Passei por ela. Ela não
me reconheceu. Às vezes sou invisível. Mas ela me esperava.
Esperei. Esperei a hora
certa. Encurralei. Ataquei.
Senti-a novamente.
Empurrei-a contra a parede do beco escuro. Abafei sua boca. Ela estava furiosa.
Ela estava eufórica. Ela desmanchava-se. Arranquei o curativo de seu pulso.
Cortei-a novamente. Eu a cortei. Rasguei sua carne. Ela ameaçava, grunhia. Ela
sangrava e eu já não ouvia. Senti seu sangue, rápido e amargo.
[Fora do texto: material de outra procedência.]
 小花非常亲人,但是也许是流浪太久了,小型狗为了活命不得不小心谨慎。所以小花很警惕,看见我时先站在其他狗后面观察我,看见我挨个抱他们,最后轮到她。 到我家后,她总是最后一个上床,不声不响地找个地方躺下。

Olhávamos
fixamente. Beberia eternamente. Ela estava assustada. Eu em êxtase.
Sussurrei em seu
ouvido: Você gostou!
Larguei-a e fui embora.
Não olhei para trás.
Chego em casa e estou
com minha lâmpada cambaleante.
__________________________________________________
Rio de Janeiro, 28 de
junho de 1896. 13:23 – Cinismo, covardia e loucura. Esse é ele. A cada dia mais
sinto repúdia por ele. Mas também me repudio.
Todo meu corpo ainda
dói. Sinto sua violência. Sinto todo ele em mim.
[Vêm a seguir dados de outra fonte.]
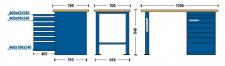 Módulo em chapa reforçada de aço especial com espessura: 1 mm, tampo em madeira de chapas compensadas multilâminas naval e suporte em chapas resistentes de aço especial no formato de U com espessura: 2 mm. Suporte e módulo com acabamento em pintura na cor azul padrão Gedore e tampo com proteção em pintura stain. Excelente ferramenta para auxiliar na organização do posto de trabalho ou de oficinas. Possui grande superfície de trabalho em madeira, apoiada por um suporte e um módulo ref. 32870 (7 gavetas). O suporte é fixado no tampo de madeira com parafusos 5/16 UNF x 25 mm, por meio de buchas presas na sua parte inferior, que permitem montagem rápida e segura. O módulo é fixado da mesma forma, com os parafusos colocados por dentro da primeira gaveta e fixados nas buchas. Para melhor organização das gavetas, permite utilização de Divisória transversal pequena código: 007.555, Divisória transversal média código: 007.556, Divisória transversal grande código: 007.557 e Divisória com ponte código: 007.554, a serem adquiridas à parte.

__________________________________________________
Rio de Janeiro, 28 de
junho de 1896. 22:56 – Chego em casa. Ritual de chegada. Apoio as chaves.
Ninguém em casa.
Ela estava lá
novamente. Perdi minha invisibilidade. Segurei-a, arrasteia-a, domineia-a,
cortei-a, bebi-a.
Ela não resistia, não lutava. Ela estava lá.
Eu estava no céu.
Sussurrei: até amanhã!
__________________________________________________
Rio de Janeiro, 28 de
junho de 1896. 23:04 – Cinismo, covardia e loucura. Essa sou eu. Sinto-me parte
dele.
Até amanhã. Até todo
dia.
(algum mês de 2013)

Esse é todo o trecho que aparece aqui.